Treat vendor access as delegated privilege that must be scoped, logged, and revocable. Separate read-only observability from remediation authority, require customer approval for production changes, and tie every access path to a named support case or change record. The control objective is to preserve operability without creating permanent cross-account reach.
Why This Matters for Security Teams
Bring Your Own Cloud changes vendor access from a simple support function into a cross-account trust problem. Once a third party can touch customer-owned cloud resources, the issue is no longer just authentication. It becomes delegated privilege, blast-radius control, evidence collection, and rapid revocation. That is why current guidance treats vendor access as a governed non-human identity pattern rather than an informal support exception.
This matters because vendor sessions often outlive the incident or change that justified them.

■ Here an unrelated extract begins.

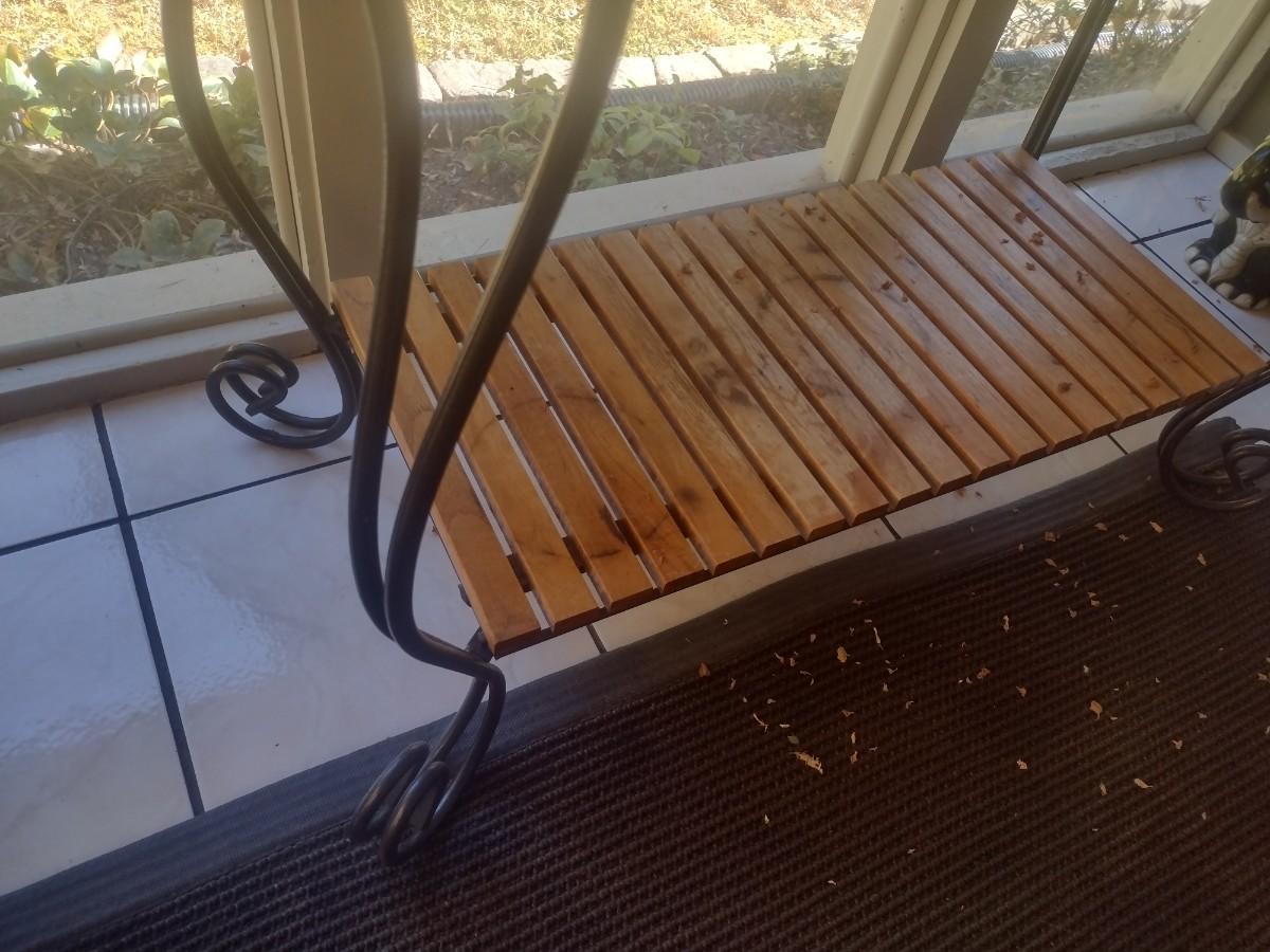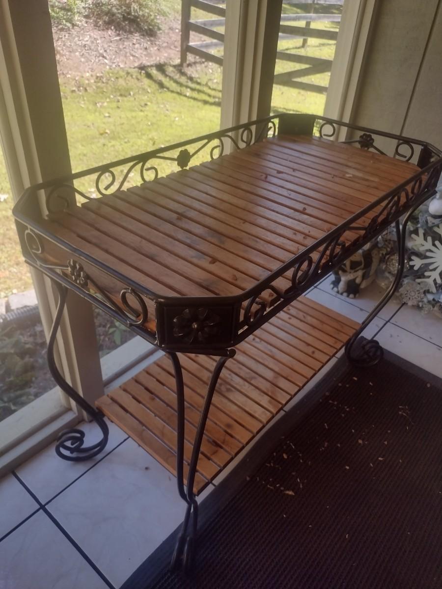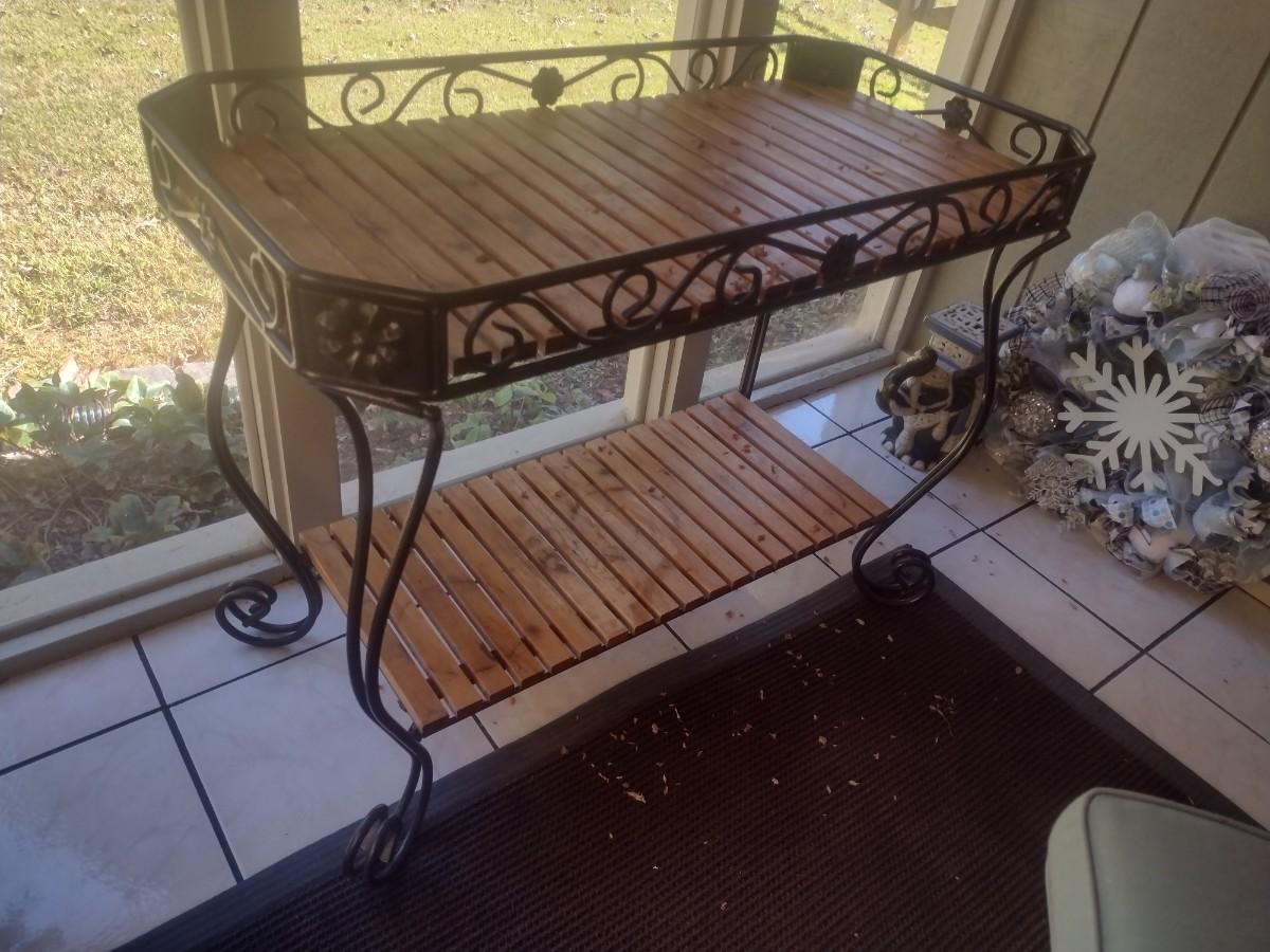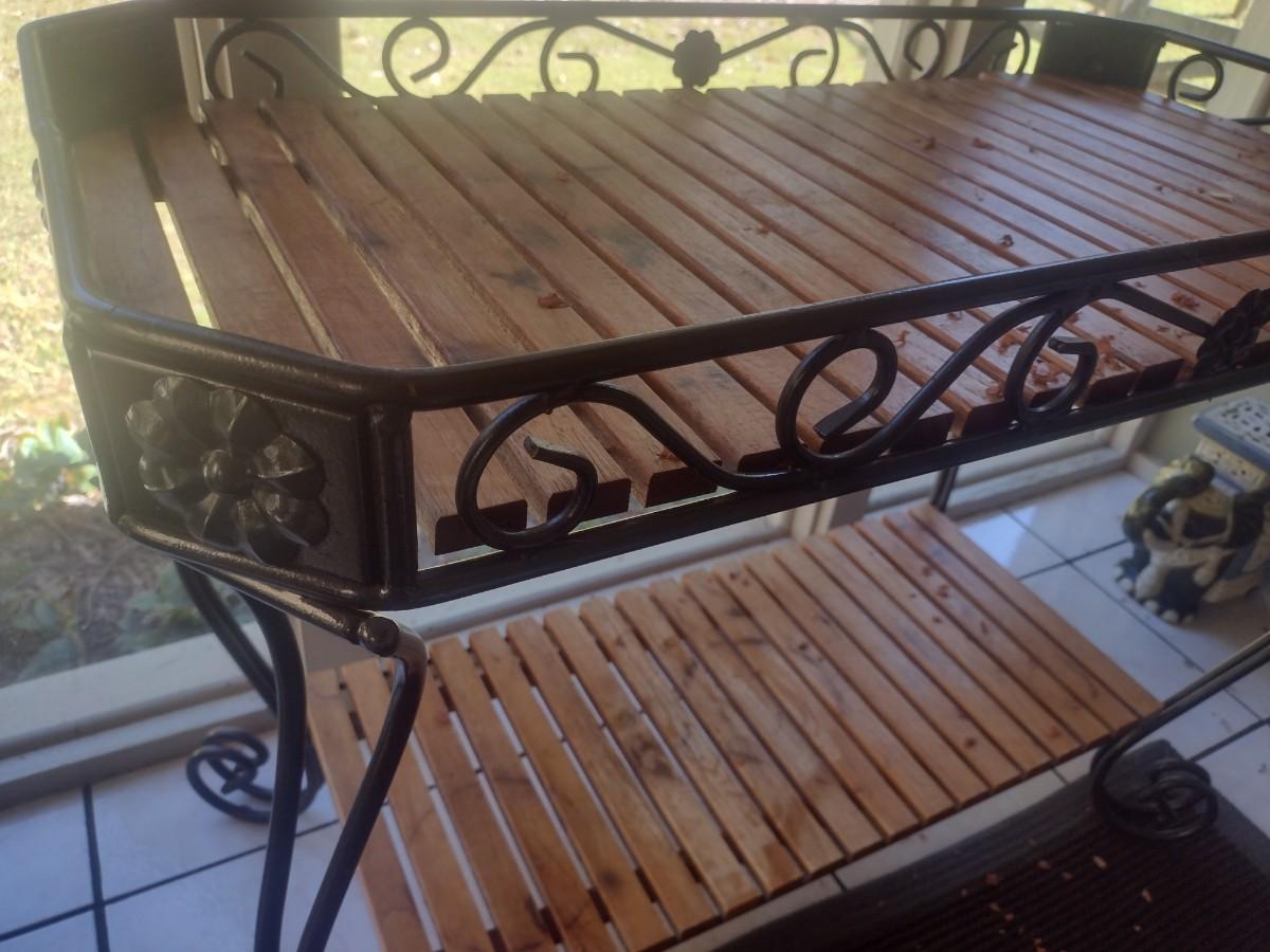 Metal Frame Garden Plant Stand with Teak Wood Shelving

If access is not tied to a named case, a customer approval, and a defined expiry, the environment accumulates standing privilege that is hard to detect and harder to unwind. NHIMG’s The State of Non-Human Identity Security reports that 85% of organisations lack full visibility into third-party vendors connected via OAuth apps, which is a strong signal that external access paths are frequently under-governed.
Security teams should also align vendor access with established control thinking from the NIST Cybersecurity Framework 2.0 and the OWASP Non-Human Identity Top 10, both of which reinforce least privilege, traceability, and lifecycle control. In practice, many security teams discover vendor overreach only after a support incident has already created broad, reusable access.
How It Works in Practice
Effective governance starts by separating vendor observability from vendor remediation. Read-only access can be granted for diagnostics, telemetry, and configuration review, but production changes should require explicit customer approval and a scoped change record. That distinction reduces the risk that a troubleshooting session becomes an unrestricted admin pathway.
Operationally, the best pattern is to issue access per task, not per vendor. Tie each access grant to a support case, maintenance window, or incident ticket, and expire it automatically when the approved work ends. This is where NHI lifecycle discipline from NHIMG’s Ultimate Guide to NHIs — Lifecycle Processes for Managing NHIs becomes directly useful: the vendor identity should be created, constrained, monitored, and revoked with the same rigor as any other privileged workload identity.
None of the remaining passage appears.